His brothers are Eugene, Alexander, Joseph and Peter.[5] His sisters are Ann Marie and Mary.[5]

Theroux was educated at Medford High School, followed by the University of Maine, in Orono, (1959–60) and the University of Massachusetts Amherst, where he obtained a B.A. in English in 1963.


After he finished his university education, Theroux joined the Peace Corps in 1963 as a teacher in Malawi.[7][8] A new program, the Peace Corps had sent its first volunteers overseas in 1961. Theroux helped a political opponent of Prime Minister Hastings Banda escape to Uganda. For this, Theroux was expelled from Malawi and thrown out of the Peace Corps. He was declared persona non grata by Banda in Malawi for sympathizing with Yatuta Chisiza.[9] As a consequence, his later novel Jungle Lovers, which concerns an attempted coup in the country, was banned in Malawi for many years.

He moved to Uganda in 1965 to teach English[10] at Makerere University, where he also wrote for the magazine Transition. While at Makerere, Theroux began his friendship with Rajat Neogy, founder of Transition Magazine, and novelist V.S. Naipaul, then a visiting scholar at the university.[11][12][13] During his time in Uganda, an angry mob at a demonstration threatened to overturn the car in which his pregnant wife was riding, and Theroux decided to leave Africa.[14][15]
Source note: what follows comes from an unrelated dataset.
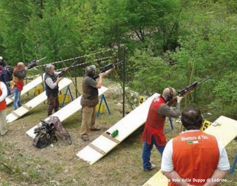
Tiro a Volo Valle Duppo di Lodrino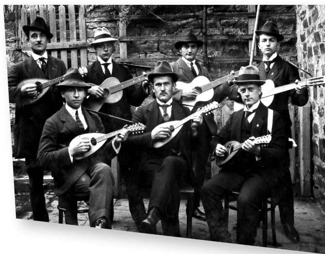
Hatzenporter Mandolinclub (1921)

Schon immer wird es talentiertere und weniger talentierte „Ton-Treffer“ und Instrument-Virtuosen gegeben haben. Es wird wohl den Allerwenigsten vorbehalten gewesen sein, ein musikalisches Talent weiterentwickelt und ausgelebt haben zu können. Wohl am ehesten vielleicht den wenigen Landburschen und -mädchen, die höhere Schulbildungen erhielten, „Lehrjahre“ in den Städten bestritten oder klerikale Lebenswege einschlugen. Diejenigen mit den größten musikalischen Begabungen und Neigungen im Dorf waren oftmals die Lehrer - nicht selten waren sie es auch, die die Aufgabe des Organisten (Orgelspielers) in der örtlichen Kirchengemeinde dann übernahmen. Nur in ganz wenigen Einzelfällen konnten Männer, die in unseren Dörfern lebten, den Lebensunterhalt für sich und ihre Familien (nur) aus der Musik bestreiten.

The couple moved with their son Marcel to Singapore, where a second son, Louis, was born. After two years of teaching at the National University of Singapore, Theroux and his family settled in the United Kingdom in November 1971. They lived first in Dorset, and then in south London. When his marriage ended, early in 1990, Theroux returned to the United States, where he has since settled.

Literary work

Theroux published his first novel, Waldo (1967), during his time in Uganda; it was moderately successful. He published several more novels over the next few years, including Fong and the Indians, Jungle Lovers, and The Mosquito Coast. On his return to Malawi many years later, he found that Jungle Lovers, which was set in that country, was still banned. He recounted that in his book Dark Star Safari (2002).[16]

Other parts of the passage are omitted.